"If we want to fight inflation, we have to start with understanding." Prime Minister Viktor Orbán sought the answer to why there is inflation throughout Europe in his annual review speech. The Macronomic Institute examined and analyzed the components of inflation. Based on the breakdown into factors, it can be stated: half of the war and sanctions are directly responsible for the high prices, and half are country-specific factors that can also be indirectly explained to a significant extent by the war and sanctions.

Analyzing the December inflation data, it can be concluded that the war and the sanctions directly contributed to the inflation by almost half, 47.8 percent. According to the ratios shown in the figure, the Makronom Institute has analyzed in detail the individual factors affecting inflation, among which the impact of energy prices stands out. The impact of country-specific factors was responsible for 52.2 percent of inflation in December, but a significant part of them is indirectly related to the war and sanctions.

 

Source: Metronome

Source: Macronom

 

Several factors contributed to the inflation in December: the release of energy prices, the weakening of the exchange rate due to sanctions and EU disputes, the increase in global transport costs, profit-driven inflation due to speculative pricing, to name but a few of the most important factors. The revival of demand at the beginning of last year and the tax increases together explain less than 3 percentage points of inflation.

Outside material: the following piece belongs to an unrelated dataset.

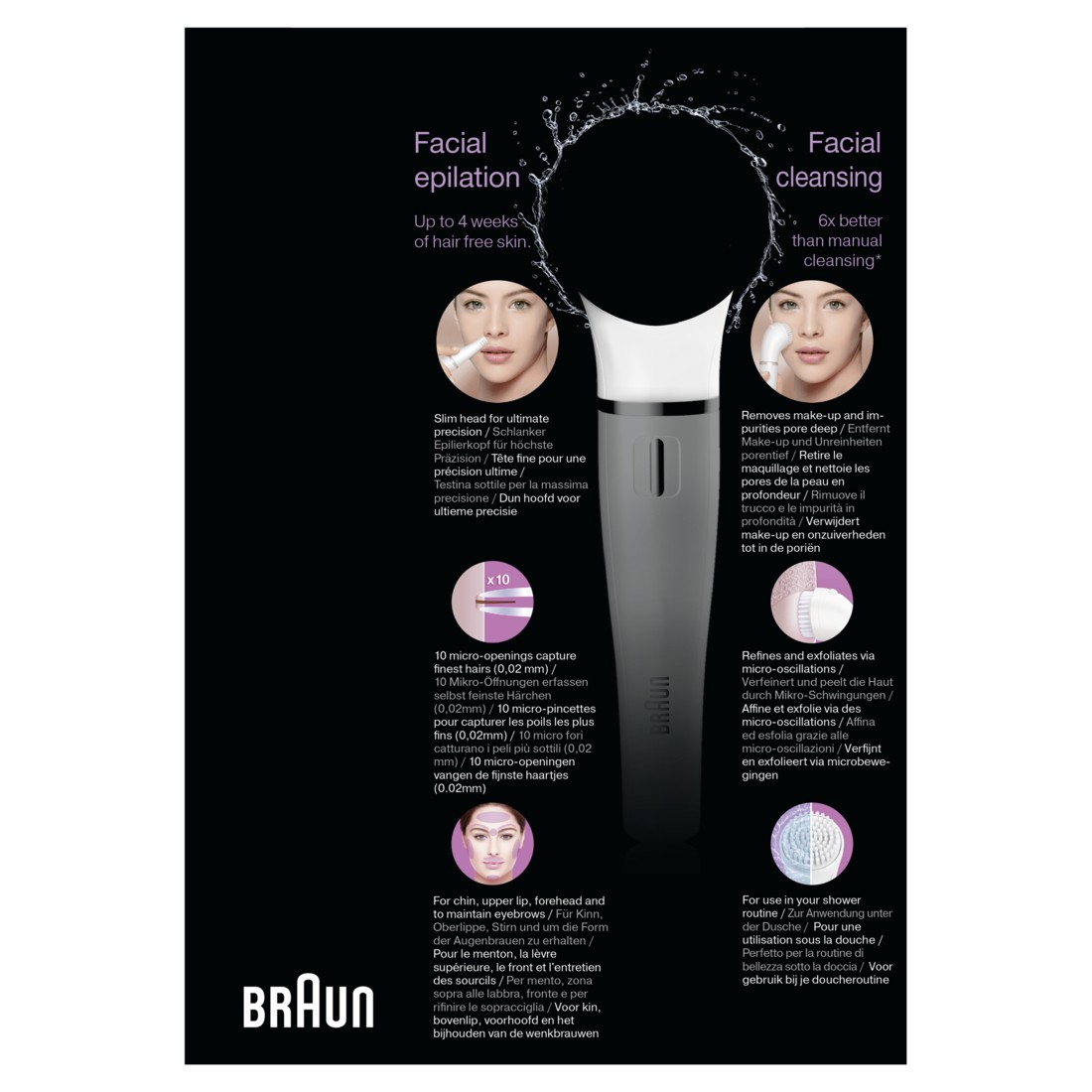 • Weltweit erster Gesichtsepilierer mit Reinigungsbürstensystem
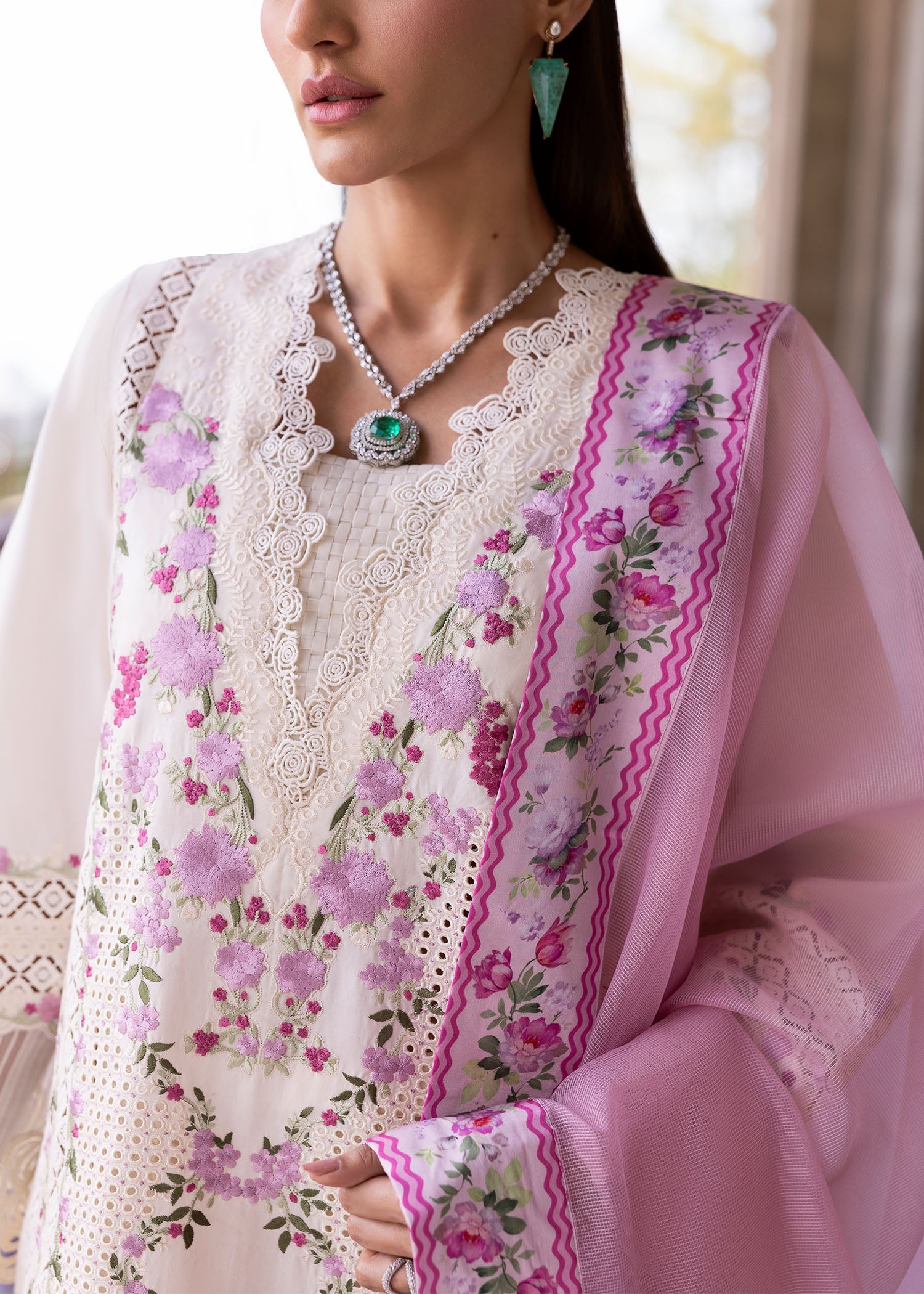 The outfit is paired with a three tone dupatta PRE-STITCHED in shades of lilac, mauve and mint finished with a silk printed border. This ensemble is a perfect symphony of statement and beauty!

On the other hand, the rise in energy prices resulting from the war and sanctions, the breakdown of supply chains, and the resulting weakening of the forint were responsible for almost half of the inflation. The other side of the government measures should also be highlighted: in 2022, the government measures, which reached 19 percent of the total value of the budget expenditures, significantly supported the situation of Hungarian families. The increase in the minimum wage and the minimum guaranteed wage at the beginning of the year contributed to a 17.5 percent increase in the average wage, thanks to which Hungary maintained the longest real wage growth among the OECD countries.